**Data excerpts:**
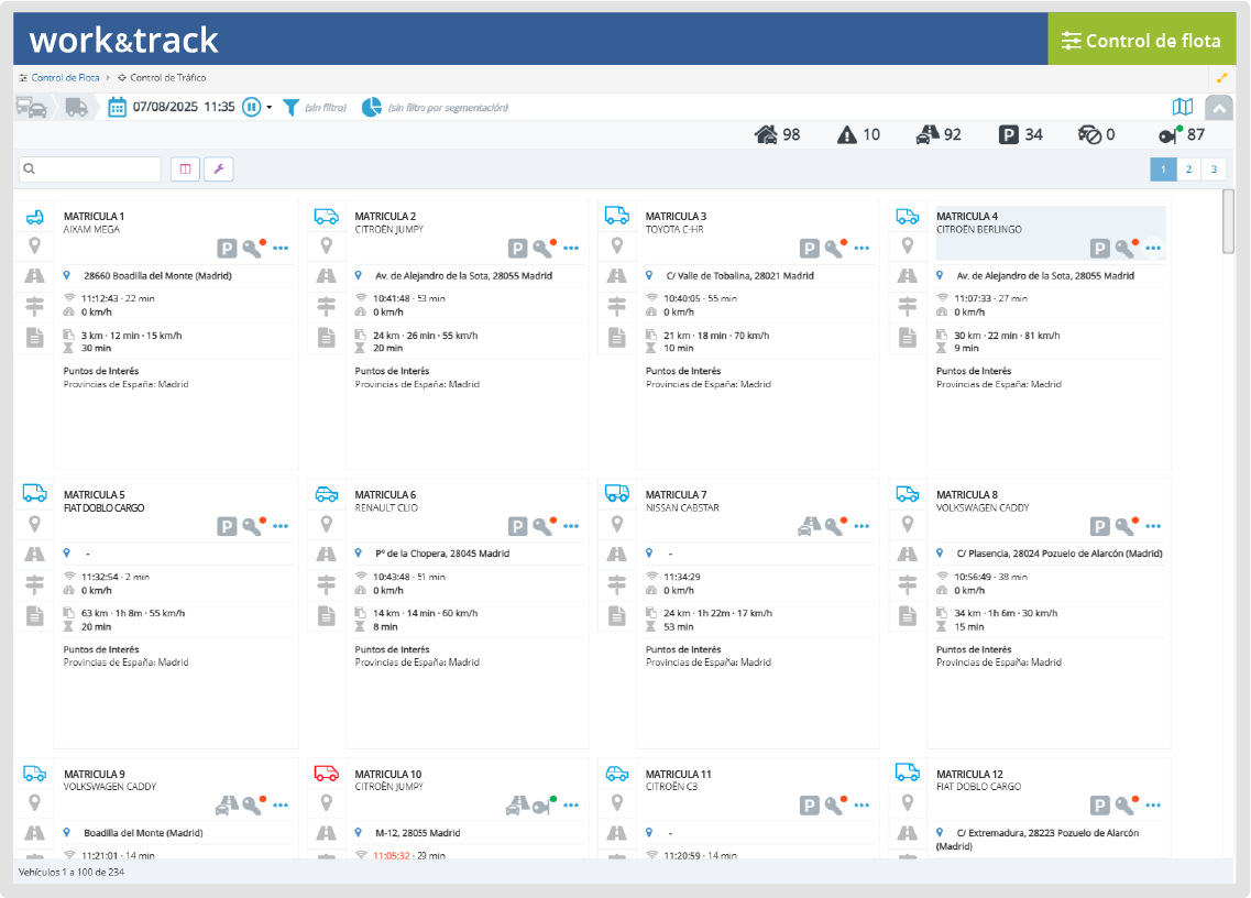 Work&Track Fleet >> Control de actividad y tráfico de vehículos
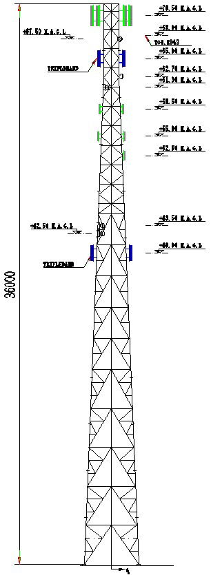 This architectural drawing is Design of tower with detail AutoCAD drawing. In this drawing there were height of the tower is 36 meter given. There were antenna placement is also given with details. For more details and information download the drawing file.
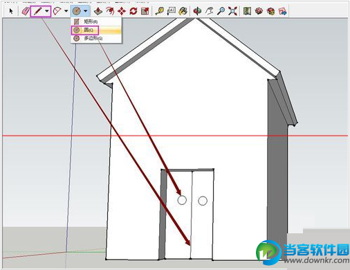 17、通过‘直线’工具和‘圆’工具,绘制出木门的形状。
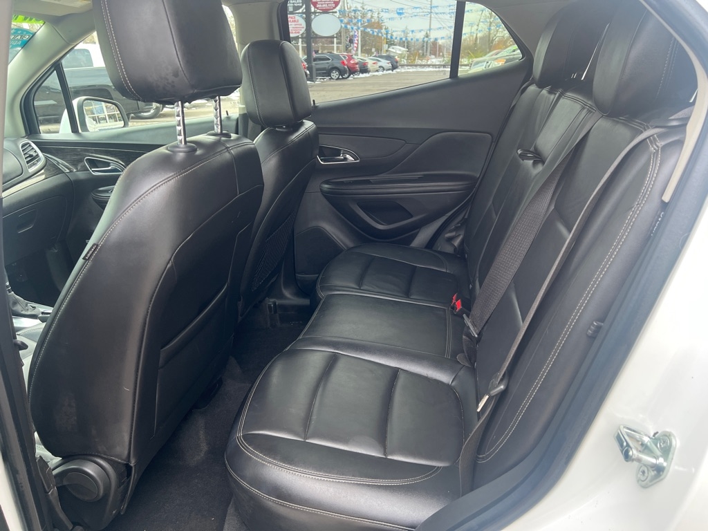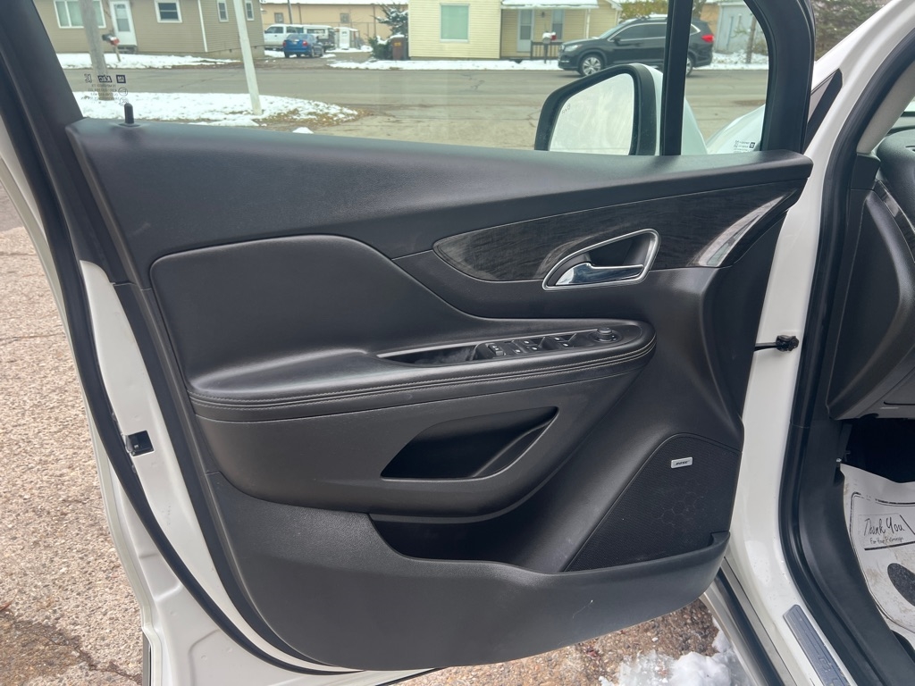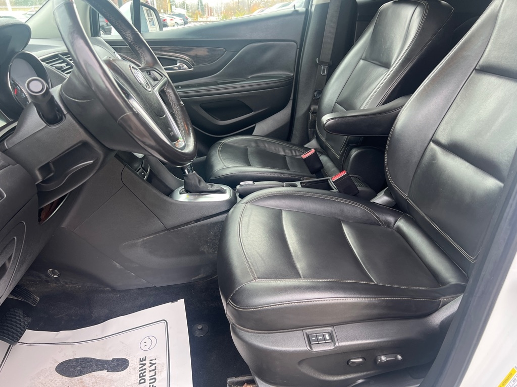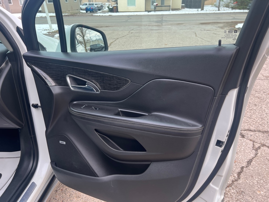 2015 Buick Encore Premium FWD 4D SUV 1.4 4cyl. Gasoline Auxiliary Audio Input Bluetooth Connection Leather MP3 Player Navigation System Satellite Radio Sun/Moonroof Value Added Options - Standard Back-Up Camera Blind Spot Monitor Cross-Traffic Alert Dual A/C Front Collision Warning Heated Front Seat Heated Mirrors Keyless Entry Keyless Start Lane Departure Warning Power Driver Seat Power Passenger Seat Premium Sound System Privacy Glass Rear Parking Aid Seat Memory Telematics WiFi Hotspot Front Bucket Seats Rear Bench Seat Driver Adjustable Lumbar Heated Front Seat Pass-Through Rear Seat Passenger Adjustable Lumbar Power Driver Seat Power Passenger Seat Seat Memory 5 Passenger Capacity Options A/C ABS-Brakes AM/FM Stereo Auto-Dimming Rearview Mirror Automatic Headlights Cargo Shade CD Player Child Safety Locks Climate Control Cruise Control Daytime Running Lights Driver Air Bag Driver Illuminated Vanity Mirror Driver Vanity Mirror Engine Immobilizer Floor Mats Fog Lamps Front Head Air Bag Front Side Air Bag Heated Steering Wheel Integrated Turn Signal Mirrors Knee Air Bag Leather Steering Wheel Navigation from Telematics Passenger Air Bag Passenger Air Bag Sensor Passenger Illuminated Vanity Mirror Passenger Vanity Mirror Power Brakes Power Door Locks Power Mirror(s) Power Steering Power Windows Rain Sensing Wipers Rear Defrost Rear Head Air Bag Rear Side Air Bag Security System Stability Control
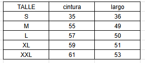 TABLA DE TALLE
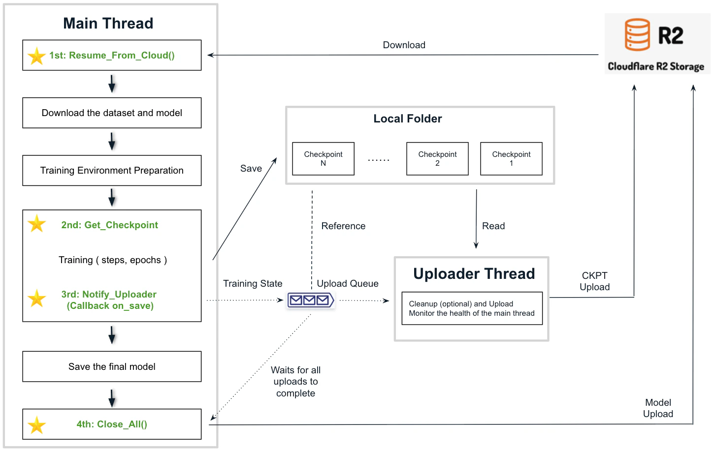 With the provided helper.py—a lightweight 400-line module that handles background data synchronization-you only need 4 small code changes, adding just 6 lines to make ft-normal.py fully compatible with SaladCloud. See ft-interruptible.py for a complete reference.
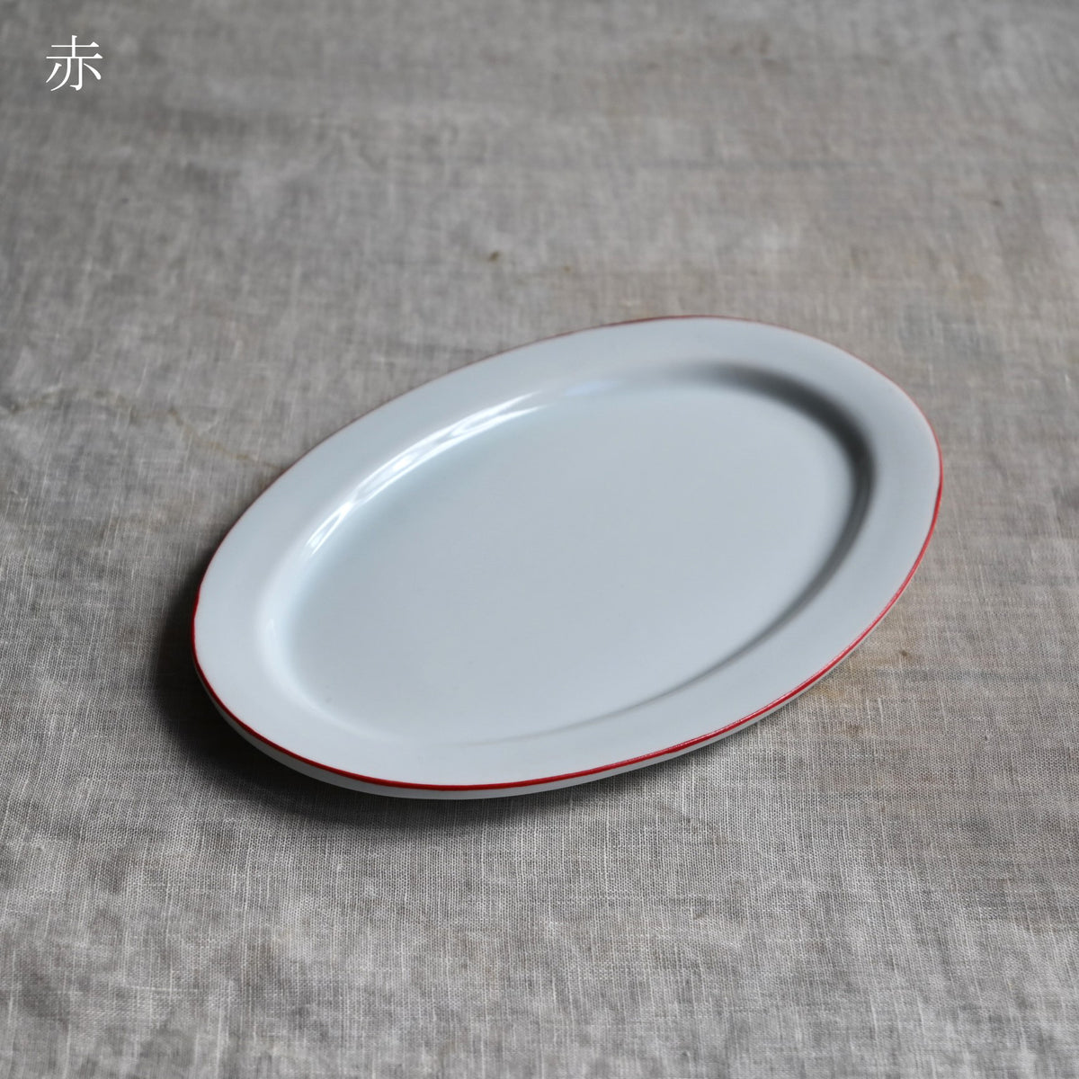 静岡県で制作される赤堀さん。琺瑯のような質感に、さりげないふちどりの色がアクセントに。懐かしさもありながら、すっきりとしたかたちは洗練された雰囲気。日々の食卓に新しい風を吹かせてくれるような器です。
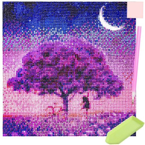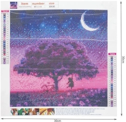 Atklājiet relaksējošo radošās darbības pasauli ar šo 5D dimanta gleznošanas komplektu. Pilns komplekts ar motīvu koks zem mēnessgaismas debesīm nodrošinās stundām ilgu radošu izklaidi, trenēs pacietību un koncentrēšanos, bet gatavais attēls, pateicoties mirdzošajiem akmentiņiem, burvīgi spīd. Lieliska dāvanu ideja un interjera dekorācija vienlaikus.

**Problem requirements:** With the pictures left out, restate word for word every line of the data above, from the first down to the line that contains "17、通过‘直线’工具和‘圆’工具,绘制出木门的形状。".

**Response box:**
 Work&Track Fleet >> Control de actividad y tráfico de vehículos
 This architectural drawing is Design of tower with detail AutoCAD drawing. In this drawing there were height of the tower is 36 meter given. There were antenna placement is also given with details. For more details and information download the drawing file.
 17、通过‘直线’工具和‘圆’工具,绘制出木门的形状。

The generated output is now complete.